- _GIVEN MATERIAL_

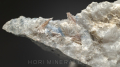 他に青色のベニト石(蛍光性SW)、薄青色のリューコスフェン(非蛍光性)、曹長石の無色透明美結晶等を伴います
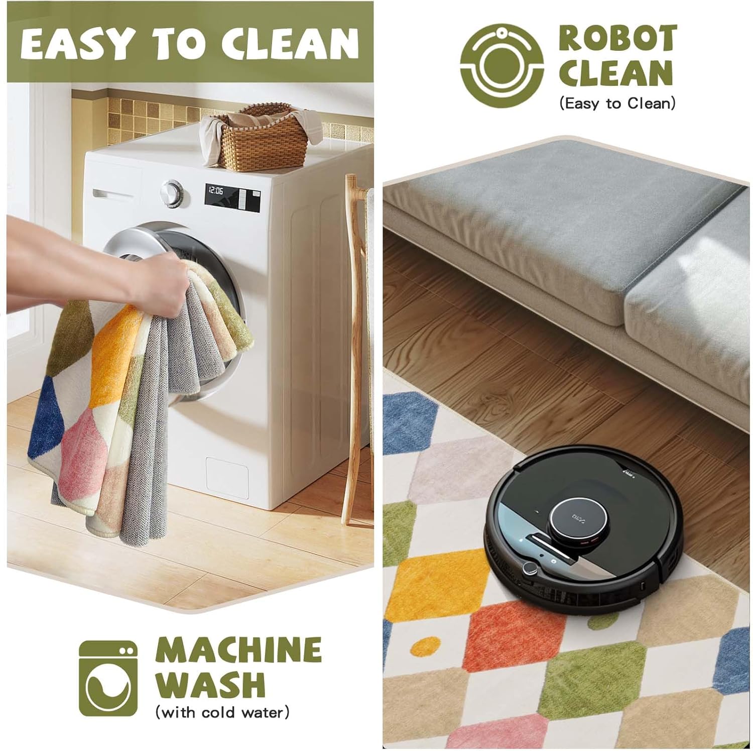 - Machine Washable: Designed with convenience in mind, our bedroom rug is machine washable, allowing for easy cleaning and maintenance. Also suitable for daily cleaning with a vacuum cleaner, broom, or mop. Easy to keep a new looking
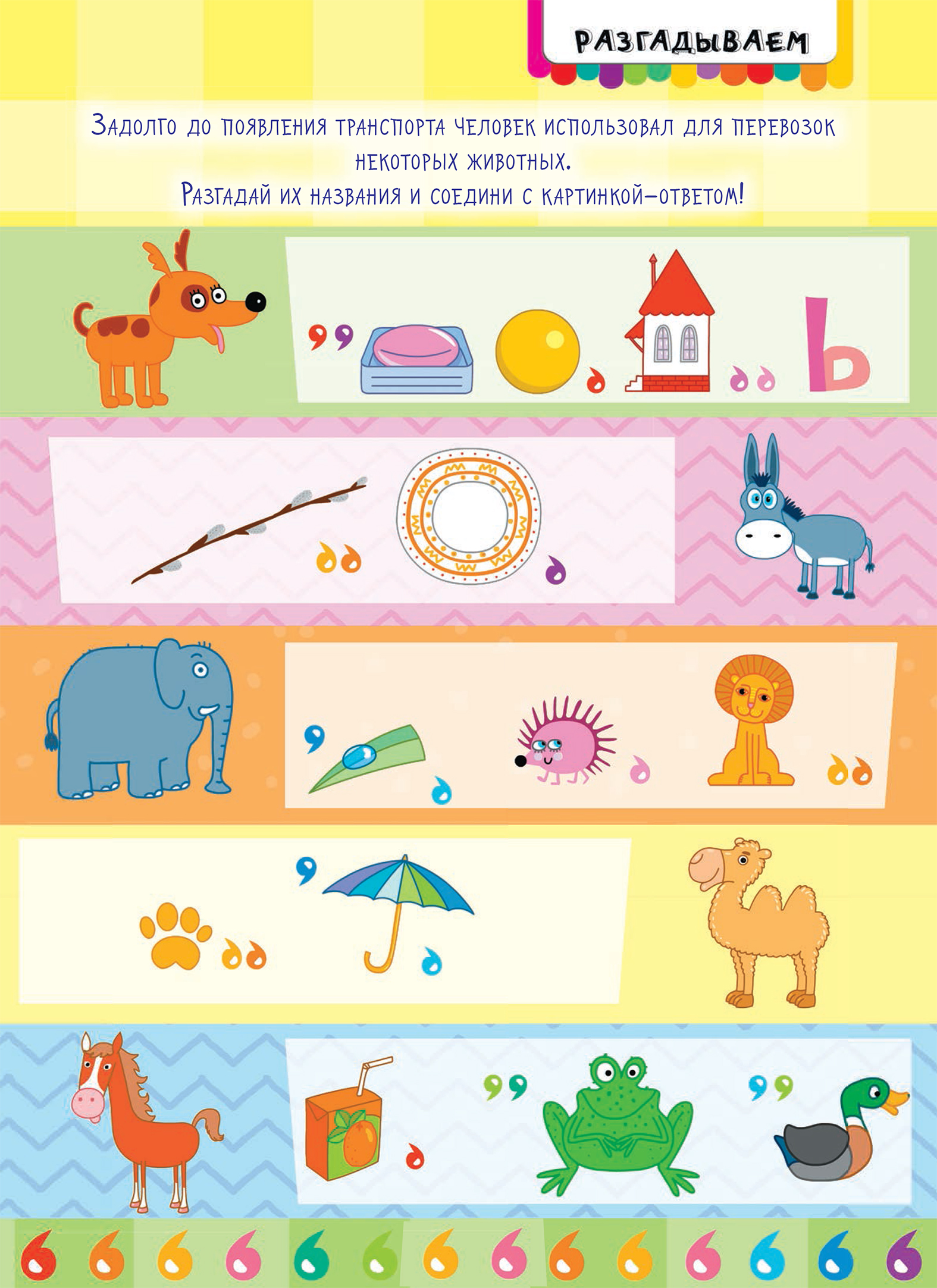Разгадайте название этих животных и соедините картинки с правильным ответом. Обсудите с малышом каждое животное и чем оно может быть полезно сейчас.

- _EXERCISE OBJECTIVE_
An exact copy of the data is required, with the pictures excluded.

- _SOLUTION FOR THIS PROBLEM_
 他に青色のベニト石(蛍光性SW)、薄青色のリューコスフェン(非蛍光性)、曹長石の無色透明美結晶等を伴います
 - Machine Washable: Designed with convenience in mind, our bedroom rug is machine washable, allowing for easy cleaning and maintenance. Also suitable for daily cleaning with a vacuum cleaner, broom, or mop. Easy to keep a new looking
Разгадайте название этих животных и соедините картинки с правильным ответом. Обсудите с малышом каждое животное и чем оно может быть полезно сейчас.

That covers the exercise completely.